SEGUNDO:1. Mal puede sostenerse la indebida aplicación ex artículo 21.3ª CP de la atenuante de arrebato u obcecación al margen delfactum al que hemos de estar, y menos, si cabe, cuando se hace depender , de nuevo, de la pura conjetura (" Vidal -narra por su cuenta el apelante- ante el convencimiento de que una vez que fuese alcanzado por María Virtudes no podría defenderse ... se adelanta al ataque y presa de pánico, coge lo primero que encuentra a su alcance y primero golpea únicamente con afán defensivo a María Virtudes y seguidamente ante la persistencia de ella, le propina uno o dos golpes más ...").

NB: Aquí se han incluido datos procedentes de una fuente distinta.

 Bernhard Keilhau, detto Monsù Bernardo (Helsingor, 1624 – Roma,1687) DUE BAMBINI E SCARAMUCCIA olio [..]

Bastará , por lo demás, con tener en cuenta los requisitos jurisprudencialmente exigidos para poder apreciar la atenuante en cuestión , y en primer lugar la existencia de estímulos o causas, generalmente procedentes de la víctima, que puedan ser calificados como poderosos, y que se entiendan suficientes para explicar en alguna medida la acción del sujeto, con lo que quedan excluidos los estímulos nimios ante los que una persona media reaccionaría con normalidad, así como las propias reacciones que no guardan proporción con el estímulo o causa, bastará, decíamos, con tener esto en cuenta para desatender de plano la invocada personalidad supuestamente celotípica del acusado como determinante de su pretendida actuación pasional de arrebato u obcecación "ante el temor de ser agredido por María Virtudes " (parecidamente , STSJG 8/2010, de 23 de noviembre ).

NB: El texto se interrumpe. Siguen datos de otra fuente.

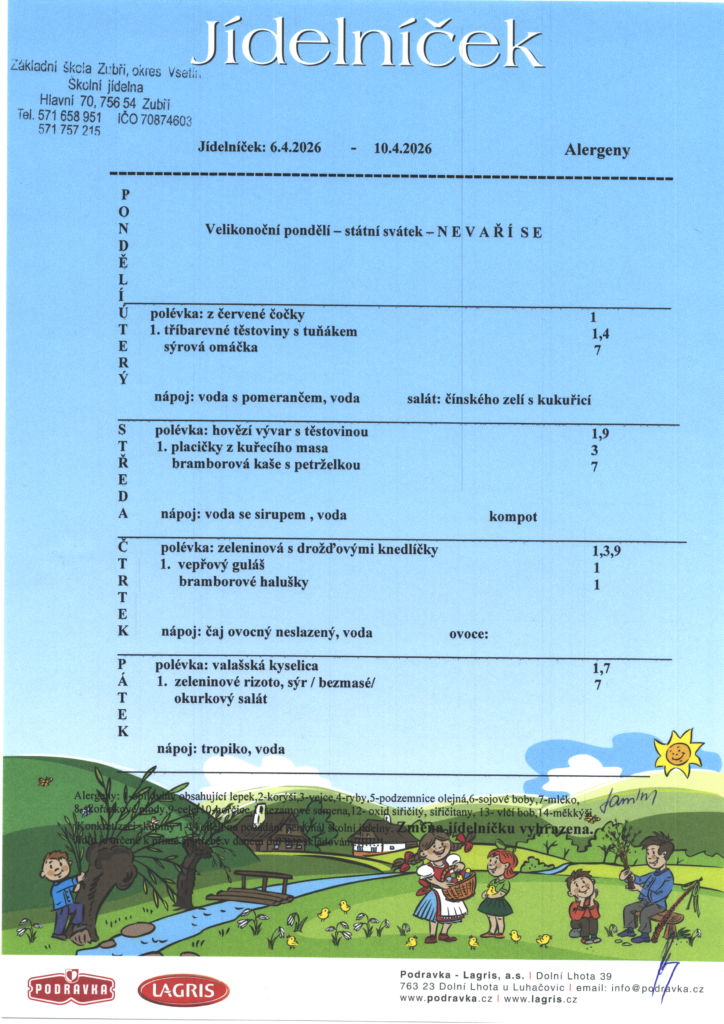 Jídelníček od 6.4.2025-10.4.2025

2. No podemos compartir el alegato del recurrente en lo que hace a la no apreciación como muy cualificada de la atenuante de arrepentimiento, rectius confesión, del artículo 21.4ª CP . Baste aquí con apuntar que la versión que ofrece el acusado, lógica y ajustada a Derecho desde una perspectiva defensiva , tiende a su exculpación , a distorsionar o desfigurar la realidad mediante la ocultación de lo que pueda perjudicarle y la exposición de lo favorable, supuesta la inevitabilidad del descubrimiento de la autoría, a la vista del modo y lugar en el que sucedieron los hechos, y que según notoria jurisprudencia, de la que nos hicimos eco en la precitada STSJG 2/2011 , de 4 de marzo, y antes ya en la STSJG 5/2008, de 12 de junio, la revelación ha de ser veraz respecto de lo que el destinatario desconoce y no puede confundirse con la posición de quien acepta lo ya sabido, reconoce lo averiguado y se anticipa a lo inevitable.

3. Tampoco ofrece serio margen a la discusión cuestionar la aplicación como agravante de la circunstancia mixta de parentesco del artículo 23 CP . Poco más podemos añadir a lo expuesto por el Magistrado-Presidente del Tribunal del Jurado , como no sea enfatizar el carácter objetivo de la circunstancia y la ausencia de alguno de los límites que pudiesen conducir a su no apreciación (v.gr., inexistencia a lo largo del tiempo de convivencia).

TERCERO: Procede declarar de oficio las costas procesales del recurso ex artículos 239 y 240 LECr .

En atención a lo expuesto, en nombre de S. M. el Rey y por la autoridad conferida por el pueblo español,

Fallo

Desestimar el recurso de apelación interpuesto por la representación procesal del acusado y condenado Vidal contra la Sentencia dictada el 20 de diciembre de 2010 por el Magistrado-Presidente del Tribunal del Jurado constituido en la sección Primera de la audiencia Provincial de A Coruña (rollo número 5 de 2010 ). Las costas procesales se declaran de oficio.

Notifíquese esta sentencia a las partes haciéndoles saber que contra ella pueden interponer recurso de casación ante la Sala Segunda del Tribunal Supremo, preparándolo en esta Sala de lo Civil y Penal dentro de los cinco días siguientes al de la última notificación que se haga de la misma, incluida la del acusado en su persona.

Así por esta nuestra Sentencia, de la que se formulará testimonio para su unión al rollo de la Sala, lo pronunciamos, mandamos y firmamos.